Question

Three numbers are in the ratio of 3 : 4 : 5, and their least common multiple (LCM) is 2400. Their highest common factor (HCF) is

• A. 40
• B. 80
• C. 120
• D. 200
• E. 15

Hint:

If numbers are in a ratio \(a:b:c\) (where \(a,b,c\) are mutually co-prime), their actual values are \(ax, bx, cx\) where \(x\) is the HCF. The LCM is simply the product of their LCM(ratio) and the HCF.

Answer 1

The Correct Option is A

Step 1: Understanding the Question:
We are given the ratio of three numbers and their Least Common Multiple (LCM). We need to find their Highest Common Factor (HCF).


Step 2: Key Formula or Approach:
Let the three numbers be \(ax\), \(bx\), and \(cx\), where \(a, b, c\) are the parts of the ratio and \(x\) represents their HCF (since the given ratio parts 3, 4, and 5 are co-prime).
The LCM of these numbers is given by \(\text{LCM}(a, b, c) \times x\).


Step 3: Detailed Explanation:
Let the three numbers be \(3x\), \(4x\), and \(5x\).
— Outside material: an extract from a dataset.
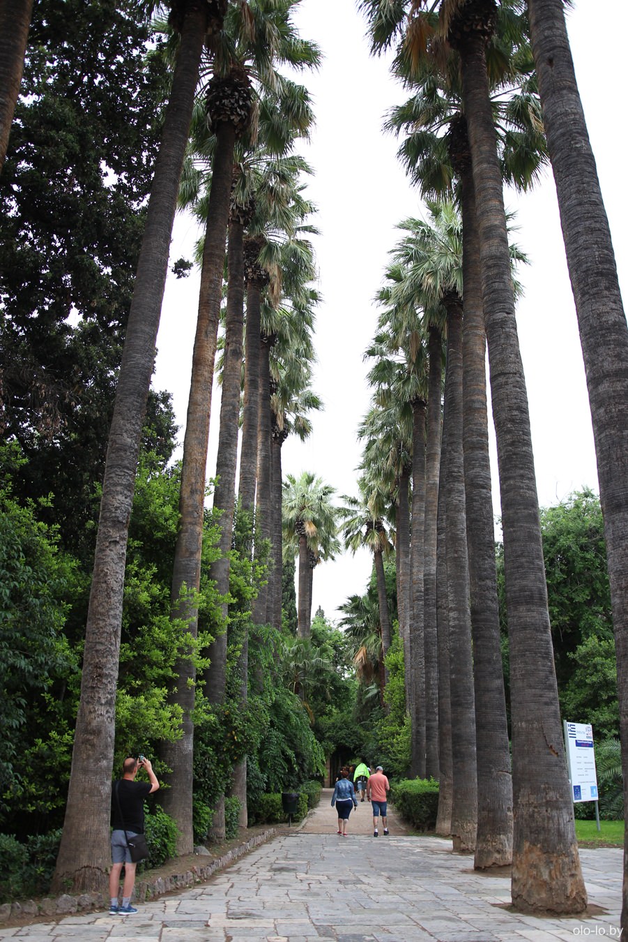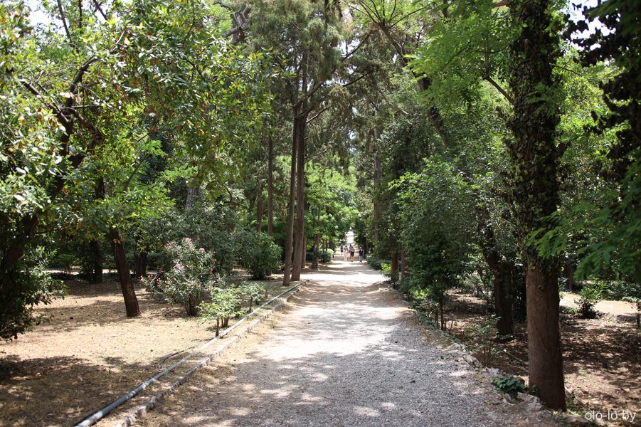 Над Афинами сгустились тучи и пошел небольшой дождь, но мы успели скрыться под кронами деревьев в саду за зданием парламента. Национальный сад был заложен в 1838-ом году для королевы Амалии. Говорят, что 12 пальм (на фото ниже) были высажены королевой лично.

Here, \(x\) is their HCF.
The LCM of the ratio parts 3, 4, and 5 is: \[ \text{LCM}(3, 4, 5) = 60 \] Therefore, the LCM of the numbers \(3x\), \(4x\), and \(5x\) is \(60x\).
We are given that the LCM is 2400. Equating the two: \[ 60x = 2400 \] Solving for \(x\): \[ x = \frac{2400}{60} \] \[ x = 40 \] Since \(x\) represents the HCF, the HCF of the numbers is 40.


Step 4: Final Answer:
The highest common factor (HCF) is 40.